Designation:CSA D700
Source:CSA
Contact name:Ehsan Moslemizadeh
Review start date:Jan 13, 2026
Review end date:Mar 14, 2026
Contact email:robin.chevalier(at)csagroup.org
Draft Scope/Description:

This standard is applicable to new and existing passenger rail systems in Canada and may be applied across the lifecycle of transit and rail infrastructure including: planning and design, operation and maintenance, asset management, and emergency preparedness and response.

This standard may be used by a passenger railway entity, an infrastructure manager, a safety authority, or a transit agency that wishes to implement a safety management system or to supervise a safety management system to ensure business objectives are achieved in a safe manner.

This standard is intended for a wide range of stakeholders involved in the planning, operation, and oversight of transit and passenger rail systems, including:

·    Transit agencies, authorities, and passenger rail operators

·    Infrastructure owners and asset managers

·    Municipal, provincial, and federal transportation departments

·    Engineering and planning consultants

·    Emergency management and continuity planners

·    Climate risk analysts and sustainability officers

·    Regulatory bodies and funding agencies

The point of this work is to try to minimize if not avoid risks associated with climate change and therefore, anyone in an organization who wishes to increase their climate resilience may use this standard to help achieve this goal.

1.1 Pre-planning

Pre-planning is a process that prepares the organization to undertake a climate vulnerability and risk assessment and adaptation planning. The process is relevant when an organization initiates climate change adaptation and resilience as well as when an organization reassesses or revises its climate change adaptation and resilience strategy. Pre-planning involves assessing, and where necessary establishing, the capability of the organization to undertake adaptation and resilience as well as identifying interested parties and how it engages with them.

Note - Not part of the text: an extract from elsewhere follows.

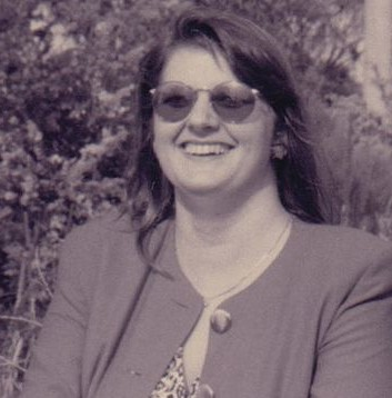 Hilda Bastian (Convenor of Cochrane Consumer Network), at the meeting to announce the Australasian Cochrane Centre, Canberra, Australia. Standing with Iain Chalmers (Director of UK Cochrane Centre) on her right (visible in uncropped version of this photo).

The organization may establish, implement and maintain an adaptation policy or an adaptation component of its safety policy. Incorporating adaptation as a component of the organization’s safety policy provides a framework for setting adaptation objectives, boundaries and timescales and facilitates communication regarding adaptation within the organization and to interested parties.

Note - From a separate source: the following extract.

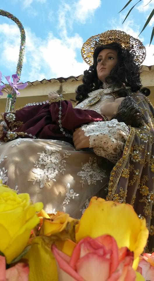 Madre del Divino Pastor patrona de la Diocesis

Reference to adaptation within the safety policy shall be appropriate for the purpose and context of the organization, considering relevant legislation and policies or plans and the climate change impacts and vulnerabilities of the applicable transit or passenger rail systems.

1.2 Terminology

In this Standard, “shall” is used to express a requirement, i.e., a provision that the user is obliged to satisfy in order to comply with the standard; “should” is used to express a recommendation or that which is advised but not required; and “may” is used to express an option or that which is permissible within the limits of the Standard.

Notes accompanying clauses do not include requirements or alternative requirements; the purpose of a note accompanying a clause is to separate from the text explanatory or informative material.

Notes to tables and figures are considered part of the table or figure and may be written as requirements.

Annexes are designated normative (mandatory) or informative (non-mandatory) to define their application.